Все это Декарт произнес на латинском языке, чтобы хозяин дома мог понять его. И Мохаммед эль Кашти, и метр Доминик Ферма оба не верили ушам, пораженные покаянными словами и одновременно грозным видом офицера.
— Нет большего воздаяния аллаху, чем прекращение вражды! — вымолвил наконец маленький араб. — Надо думать, господину Картезиусу удалось найти предложенное молодым Ферма решение уравнения по двум его членам вместо семи, что и привело его к столь благородному поступку?
— Вы ошибаетесь, почтенный Мохаммед эль Кашти. Рене Декарт, которого вы видите перед собой, никогда не нарушит данной им клятвы и не станет искать решения уравнения, о котором вы изволили вспомнить. Такой исход оказался бы самым простым, но недостойным той внутренней борьбы, которую мне привелось выдержать, чтобы победить недостойную мыслителя дворянскую спесь и решиться на этот визит с принесением извинений как господину Пьеру Ферма, так и его отцу метру Доминику Ферма и гостеприимному нашему хозяину на александрийской земле Мохаммеду эль Кашти. Я искренне сожалею не только о своей вспыльчивости, но также и о данной мной клятве, которую не могу нарушить, хотя мне очень хотелось бы узнать блестящее решение уравнения по двум членам из семи, но, поверьте, этого я сделать не могу.

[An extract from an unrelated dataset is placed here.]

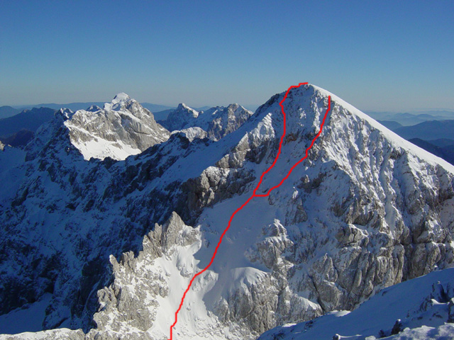 Levi odcep je osnovna varianta zimskega pristopa iz Dolcev.
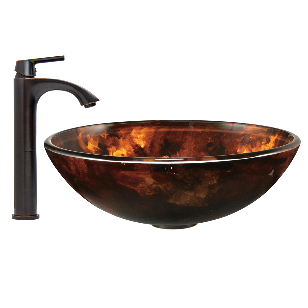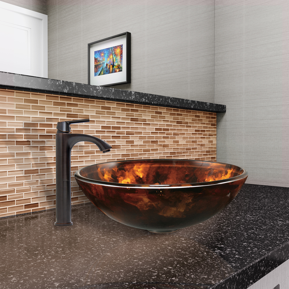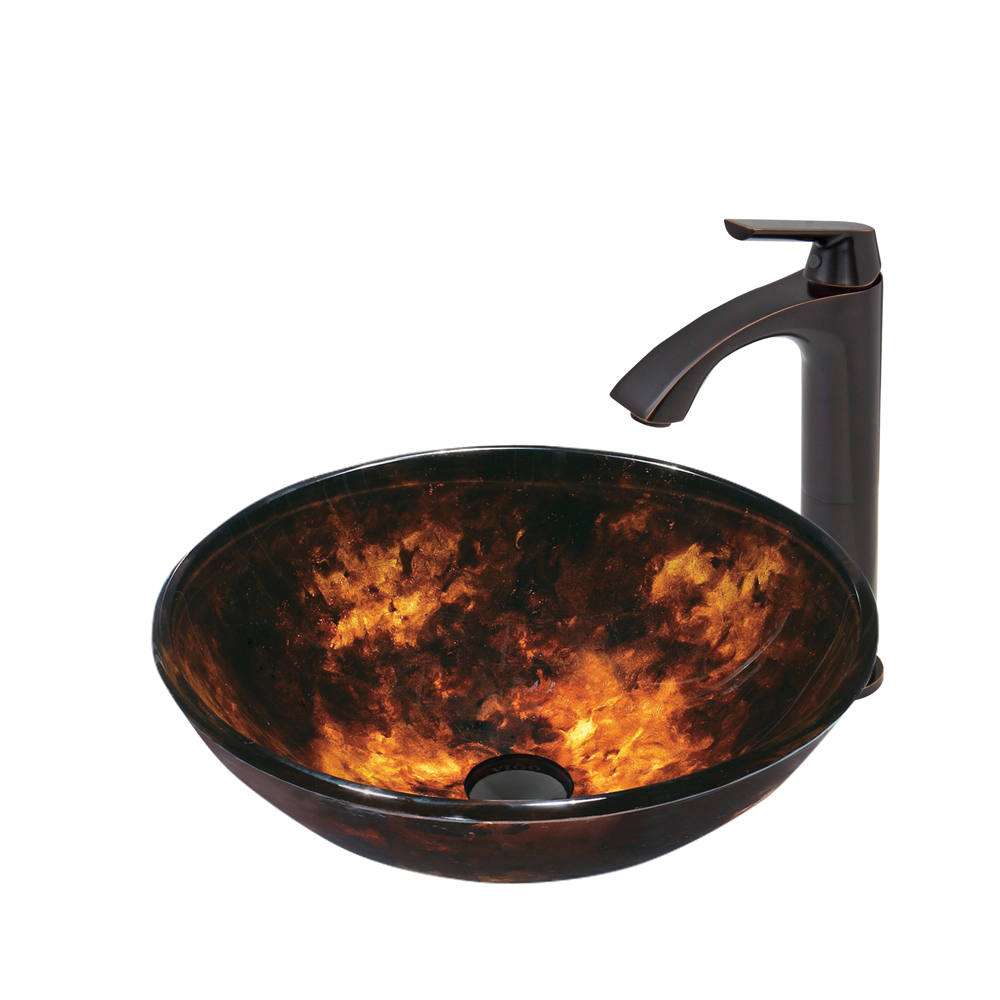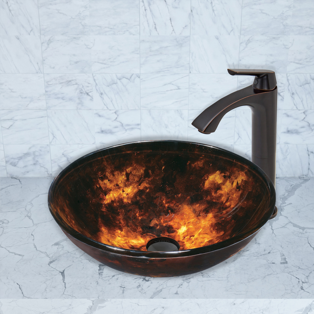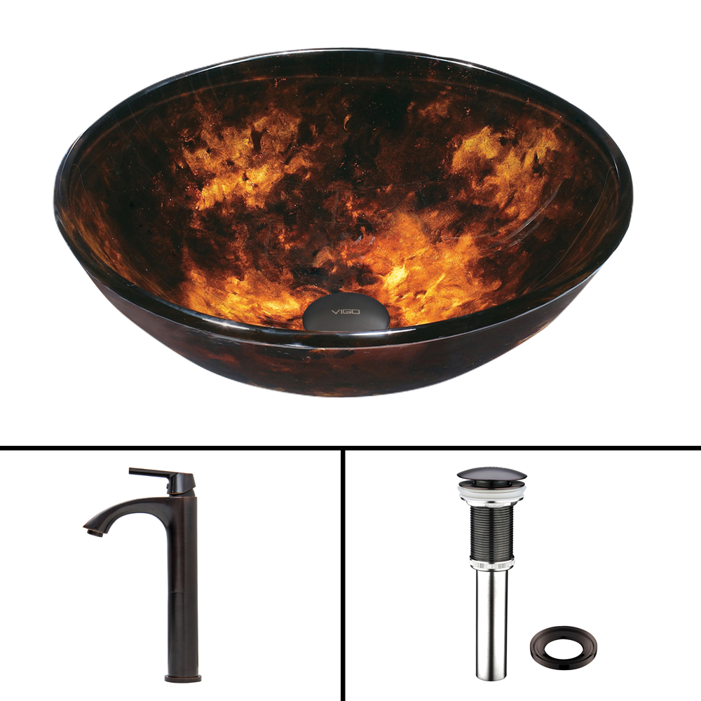 The VIGO Brown and Gold Fusion Glass Vessel Sink and Linus Faucet Set in Antique Rubbed Bronze Finish will bring your bathroom a luxurious and rustic appearance

— То, что сделали вы, уважаемый Рене Декарт, значительно больше нахождения решения, на которое я случайно напал, переводя могильную надпись. Не сомневаюсь, что вам не составило бы труда это сделать, если б не ваш собственный запрет, заслуживающий всяческого уважения, — произнес Пьер Ферма, восхищенно глядя на философа в офицерском мундире. Он вспомнил о прочитанных им трудах Картезиуса, о беседе с ним за шахматной доской во время плавания на фелюге и понял, какой внутренней борьбы стоило Декарту прийти сюда с извинениями. — Я понимаю вас и хотел бы отплатить вам тем же, признав легкомысленным свое предложение найти иное решение уравнения, написанного вашей шпагой на песке. Я сожалею об этом и признаю вас несоизмеримо сильнее себя, ибо нет победы большей, чем победа над самим собой.
— Вот вам моя рука, Пьер, мой друг, я всегда буду гордиться не только этой минутой торжества над тем, что надлежит неустанно искоренять, но и знакомством с вами и переходом теперь на обращение ко мне — просто Рене.
Мохаммед эль Кашти не воспринял этой прочувствованной французской речи, но прекрасно понял значение того рукопожатия, которым обменялись между собой Рене и Пьер.
— Слава аллаху, слава аллаху! — только и мог пробормотать он.
— Да возрадуется святой Доминик, чьи молитвы заступника дошли до всевышнего! — вторил ему метр Доминик Ферма.
— Если Рене, мой друг, почтит вниманием некоторые мои «математические этюды», как мне хочется их назвать, то я буду счастлив, хотя они касаются всего лишь прямоугольных треугольников, а не проблем души и тела.
— С охотой, Пьер, мой друг. Я всегда верил, что математика в конце концов привлечет вас к себе, ибо нет, кроме нее, более организующего начала.
— Представьте себе, Рене, — говорил Пьер Ферма, ведя Декарта в свою рабочую комнату, — я больше всего сожалел в последние дни, что не могу из-за нашей размолвки познакомить вас со своими этюдами.
По дороге Пьеру и Рене попался извивающийся из желания угодить Огюст, но он исчез, едва Декарт посмотрел на него.